Exercise aim: Retype, exactly and completely, the listing that comes next, skipping its images.

Data to examine:
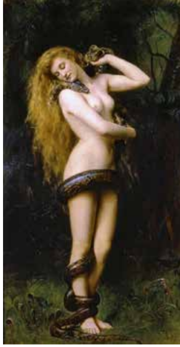
Görsel 1. John Collier, Lilith/Lilith , 1892, Tuval Üzerine Yağlı Boya, 194 X104 cm.
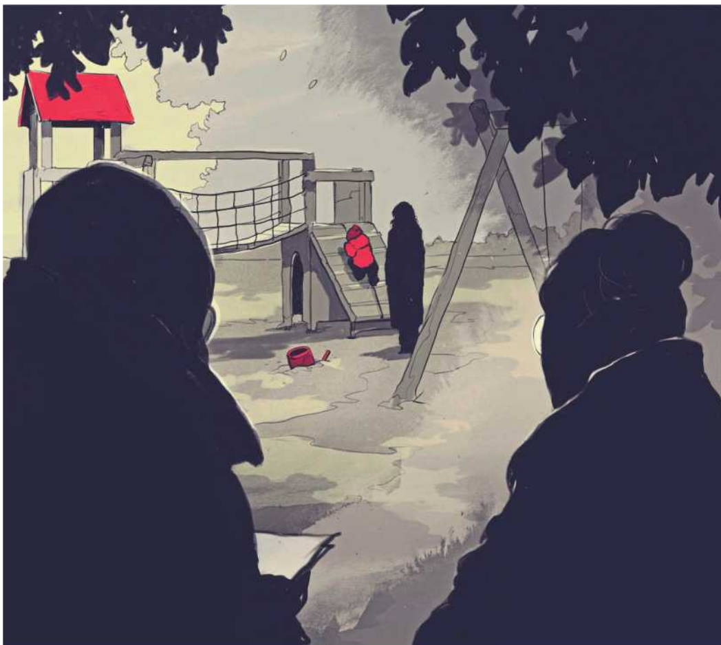
Illustration: Simon Prades / DER SPIEGEL

In der Schweiz erschütterte Ende 2021 eine Fernsehdokumentation die Öffentlichkeit. Der Beitrag »Der Teufel mitten unter uns« des Senders SRF belegt, wie unkritisch Schweizer Psychotherapeuten und Psychiater Pseudowissen über satanisch-rituelle Gewalt und »Mind-Control« übernahmen.
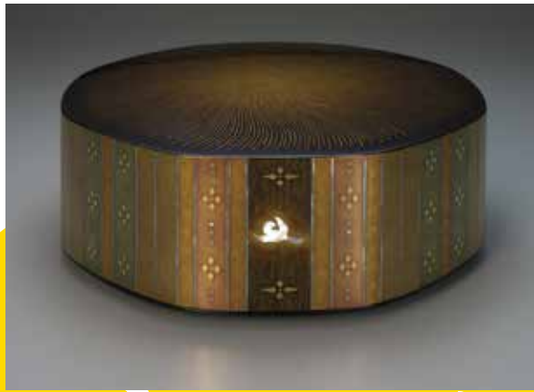
室瀬和美《時給螺鈿八稜箱「彩光」》平成12年 文化庁蔵
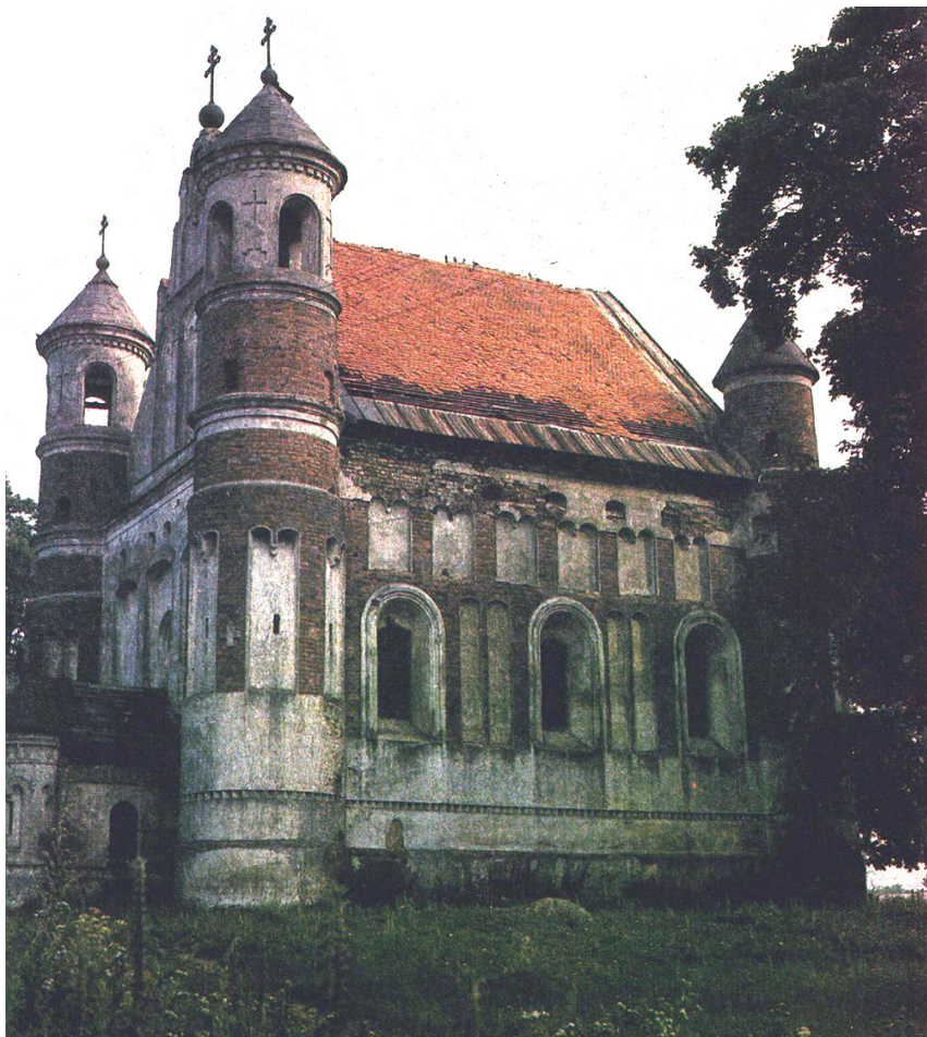
Царква пры канцы 1980-х гг. з Латарынгскімі крыжамі

Маламажэйкаўскі прыход мае 7 вёсак. На Вялікдзень, Каляды і прастольнае свята Нараджэння Прасвятой Багародзіцы адбываюцца хросныя хады. У 1999 г. царкоўны прышт складаўся са святара Віктара Свянціцкага і псаломшчыка-рэгента, дзейнічала нядзельная школа, у якой святар і яго матушка навучалі 15 дзетак 207 .

Response to this exercise:
Görsel 1. John Collier, Lilith/Lilith , 1892, Tuval Üzerine Yağlı Boya, 194 X104 cm.
Illustration: Simon Prades / DER SPIEGEL

In der Schweiz erschütterte Ende 2021 eine Fernsehdokumentation die Öffentlichkeit. Der Beitrag »Der Teufel mitten unter uns« des Senders SRF belegt, wie unkritisch Schweizer Psychotherapeuten und Psychiater Pseudowissen über satanisch-rituelle Gewalt und »Mind-Control« übernahmen.
室瀬和美《時給螺鈿八稜箱「彩光」》平成12年 文化庁蔵
Царква пры канцы 1980-х гг. з Латарынгскімі крыжамі

Маламажэйкаўскі прыход мае 7 вёсак. На Вялікдзень, Каляды і прастольнае свята Нараджэння Прасвятой Багародзіцы адбываюцца хросныя хады. У 1999 г. царкоўны прышт складаўся са святара Віктара Свянціцкага і псаломшчыка-рэгента, дзейнічала нядзельная школа, у якой святар і яго матушка навучалі 15 дзетак 207 .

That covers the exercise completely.